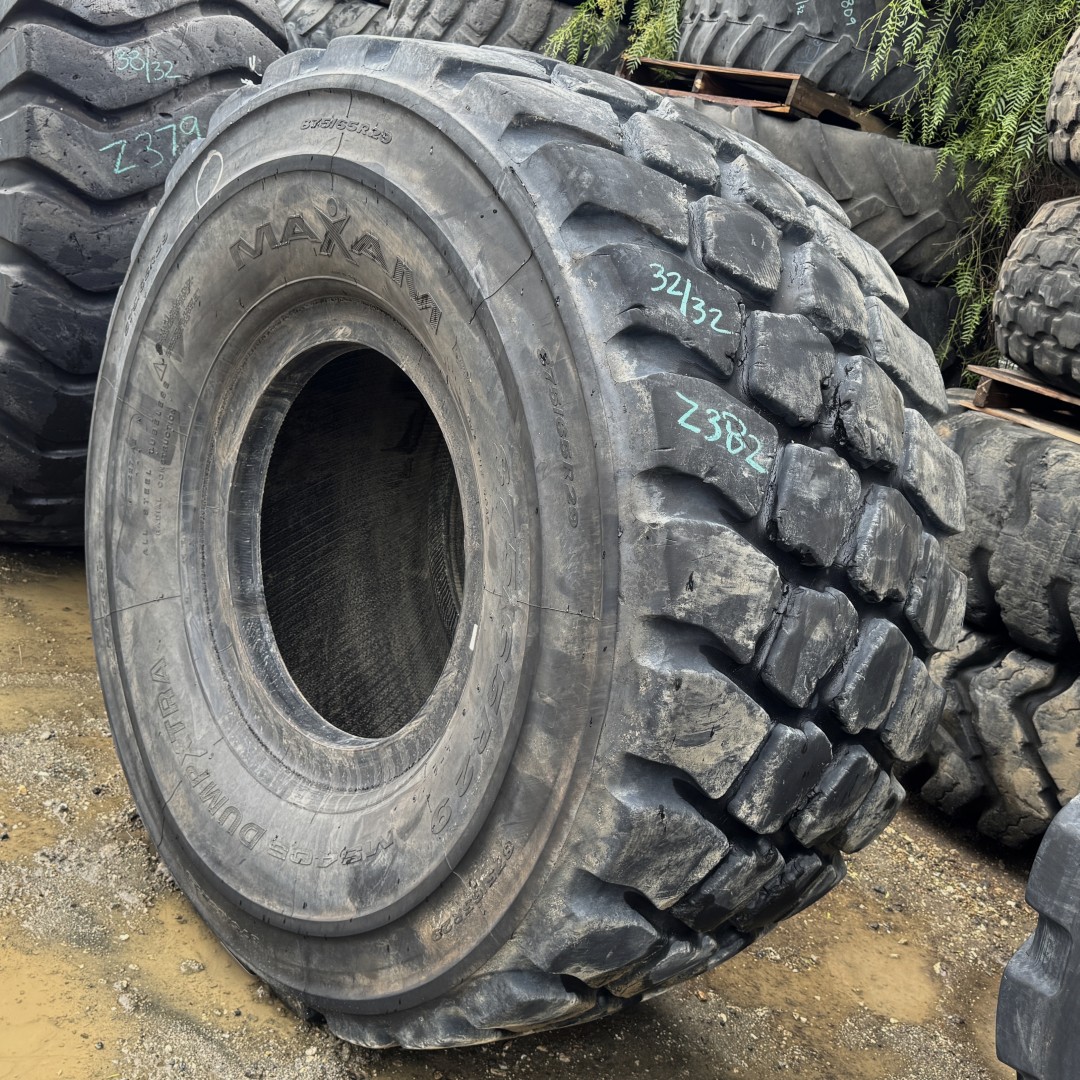 875/65R29 Maxam brand radial OTR tractor tire. It is a MS405 DumpXTRA E4/L4 model with a 2-Star load rating. This is a Used tire with a tread depth of 32/32nds. The condition report reads: Clean, Mildly Weathered Tread.
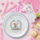 Birthday Paper Plates with a cute teddy bear and balloon arch in soft light blue and beige. Cute design for first or any Birthday of a little boy. Easily personalise all the text. Please visit the store for the full line of products that are available :) - Kate Eden Art
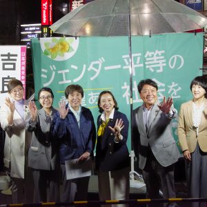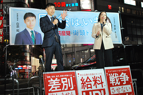 日本共産党の山添拓、吉良よし子両参院議員は23日、新宿区のJR新宿駅東口で「国会は、いま」をテーマにトーク宣伝を行い、軍拡や医療費削減を押しつける自民党政治を終わらせるため「先頭に立ってたたかい抜く」と語りました。多くの宣伝ボランティアが駆け付け、会社帰りのスーツ姿の人らが足を止め聞いていました。
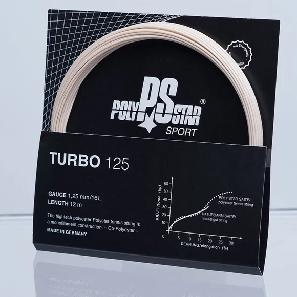 POLYSTAR ターボ 2026/2/13 2026/2/23 ¥3,190(税込) ⇒張り代込みで¥3,500(税込) 【素材・構造・太さ】 ナイロン・マルチフィラメント・1.25mm 【特徴】 究極のスピン系ストリング。 特徴的な星形断面構造を備えており、これによりボールへの食いつきが良くなり、トップスピンやスライスショットが最適化されます。 卓越した推進力も提供し、ゲームを優位に進めることができます。 中級者から上級者レベルのプレイヤー向けに設計されています。 【レビュー/インプレ】 特徴的な星形断面構造で、ボールに良く食いついて、スピン性能が非常に高いです。反発力は低めなのでアウトしにくいです。また打感がそこまで硬くないのも魅力的です。 【性能データ】 反発力 ★★★★☆☆☆☆☆☆ 4 スピン ★★★★★★★★★☆ 9 コントロール ★★★★★★★★★☆ 9 ソフト感 ★★★★☆☆☆☆☆☆ 4 打球音 ★★★★☆☆☆☆☆☆ 4 テンション維持 ★★★★★☆☆☆☆☆ 5 切断耐久性 ★★★★★★★☆☆☆ 7
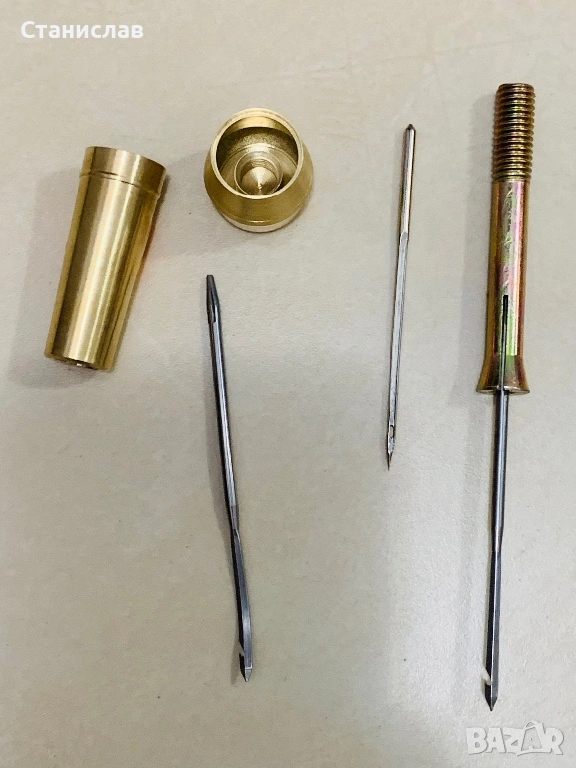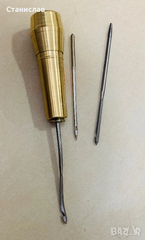 Предлагам месингов държач с цанга и 3 различни накрайника във вид на стоманени игли, за вадене на конец или въже, при шиене на груби, дебели платове, кожи, и тем подобни.
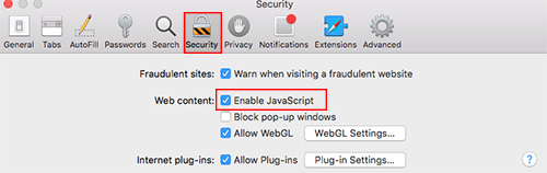 Overview: Confirm that the user's Safari Security options are configured correctly. This setting is accessed from the "Safari --> Preferences" menu in Safari.
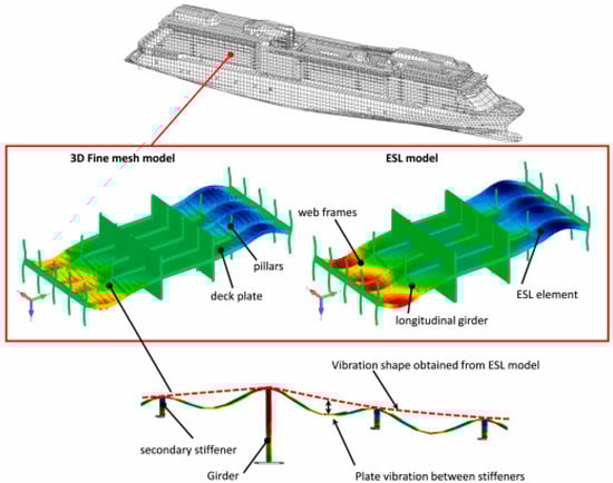 - Avi, E.; Laakso, A.; Romanoff, J.; Remes, H.; Lillemäe-Avi, I. Coarse Mesh Finite Element Model for Cruise Ship Global and Local Vibration Analysis. Mar. Struct. 2021, 79, 103053. [Google Scholar] [CrossRef]
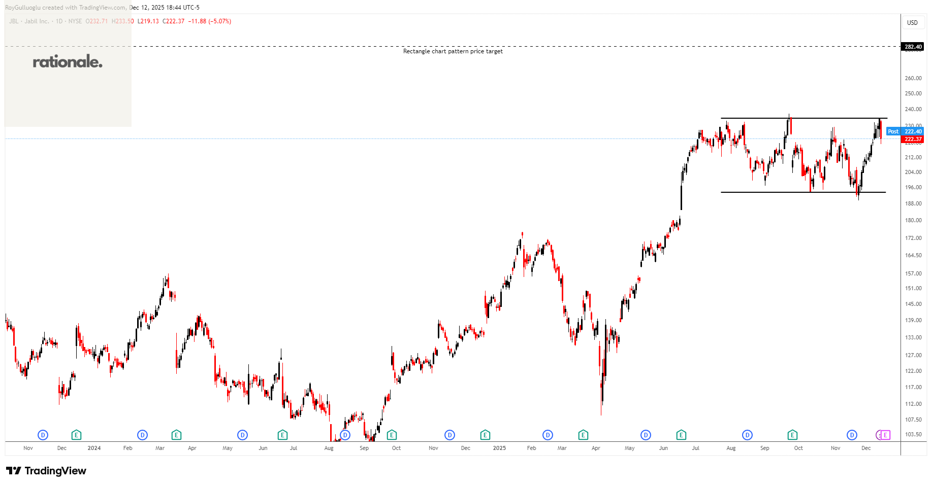 Based on this chart pattern, the potential price target is 282.4 levels.
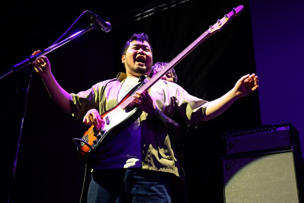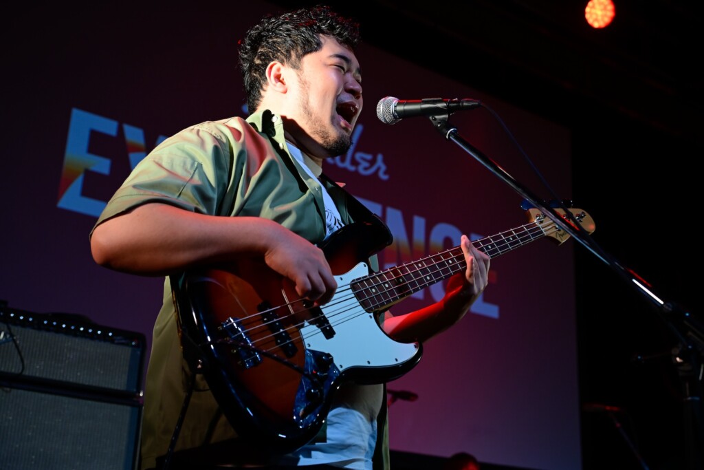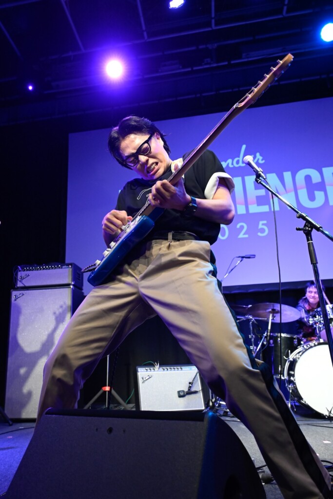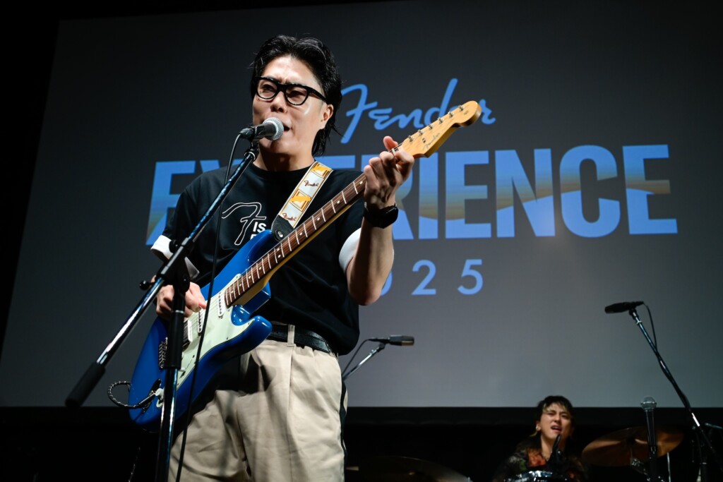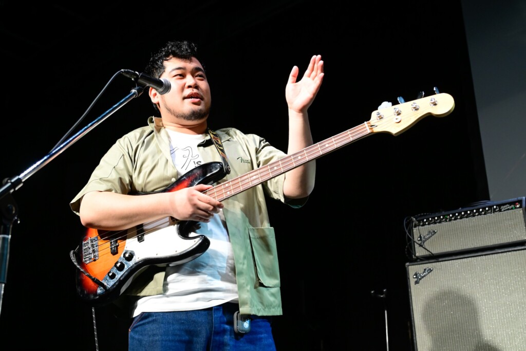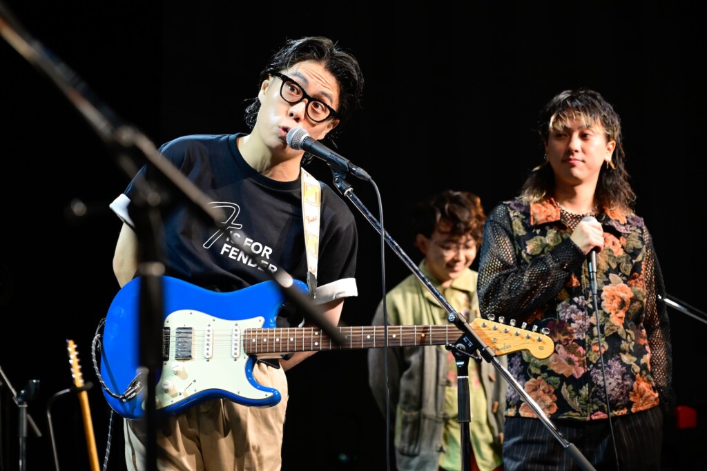 観客がステージを見つめる中、THE BLUE HEARTS「人にやさしく」がスタート。高木が刻むビートに松井の奏でるベースラインが重なって構築されたリズムセクション。くるまといけだのギターが合流し、バンドサウンドが力強く躍動する。少し緊張気味でありながら、鮮やかな青の2024 Collection Made in Japan Hybrid II Stratocaster HSSを奏でながら一生懸命に歌っていたくるま。ケムリはPlayer Jazz Bassを弾きながら、コーラスを加えてハーモニーを響かせる。
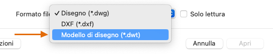 Se si lavora in modo indipendente, è possibile sviluppare file modello di disegno personalizzati in base alle proprie preferenze di lavoro e aggiungere impostazioni man mano che si acquisisce familiarità con altre funzionalità. Per modificare un file modello di disegno esistente, fare clic su Apri, scegliere Modello di disegno (*.dwt) nella finestra di dialogo e scegliere il file modello.
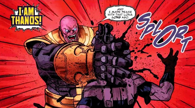 Voici probablement la scène la plus célèbre de toute la carrière de Thanos ! Quand la Mort ressuscite le Titan Fou, elle lui confie une mission : rétablir l’équilibre entre la vie et la mort dans l’univers. Selon elle, il y a beaucoup trop d’êtres vivants et il faut donc en supprimer la moitié. Thanos part alors en quête des Gemmes de l’Infini qui lui permettront d’avoir suffisamment de pouvoir pour accomplir sa quête. On connait la suite : il accomplit sa mission d’un simple claquement de doigts !
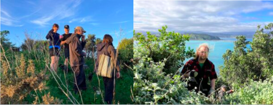 More recently, Te Ohu o Te Raekaihau kicked their weeding season off tackling Helichrysum petiolare or Licorice plant, a weed from South Africa. Fortunately there is only one (known) infestation of the plant in the reserve so eradicating it from the headland means that they can focus on other priorities: Evergreen Buckthorn, Old Man’s Beard, tradescantia, Cape Ivy, Japanese Honeysuckle and English Ivy. Another beautiful day.

§ WHAT YOU WILL DO:
Exactly repeat the material from its first line through the line with "日本共産党の山添拓、吉良よし", including both, and leave the pictures and everything else out.

§ OUTPUT FOR THIS EXERCISE:
 875/65R29 Maxam brand radial OTR tractor tire. It is a MS405 DumpXTRA E4/L4 model with a 2-Star load rating. This is a Used tire with a tread depth of 32/32nds. The condition report reads: Clean, Mildly Weathered Tread.
 Birthday Paper Plates with a cute teddy bear and balloon arch in soft light blue and beige. Cute design for first or any Birthday of a little boy. Easily personalise all the text. Please visit the store for the full line of products that are available :) - Kate Eden Art
 日本共産党の山添拓、吉良よし子両参院議員は23日、新宿区のJR新宿駅東口で「国会は、いま」をテーマにトーク宣伝を行い、軍拡や医療費削減を押しつける自民党政治を終わらせるため「先頭に立ってたたかい抜く」と語りました。多くの宣伝ボランティアが駆け付け、会社帰りのスーツ姿の人らが足を止め聞いていました。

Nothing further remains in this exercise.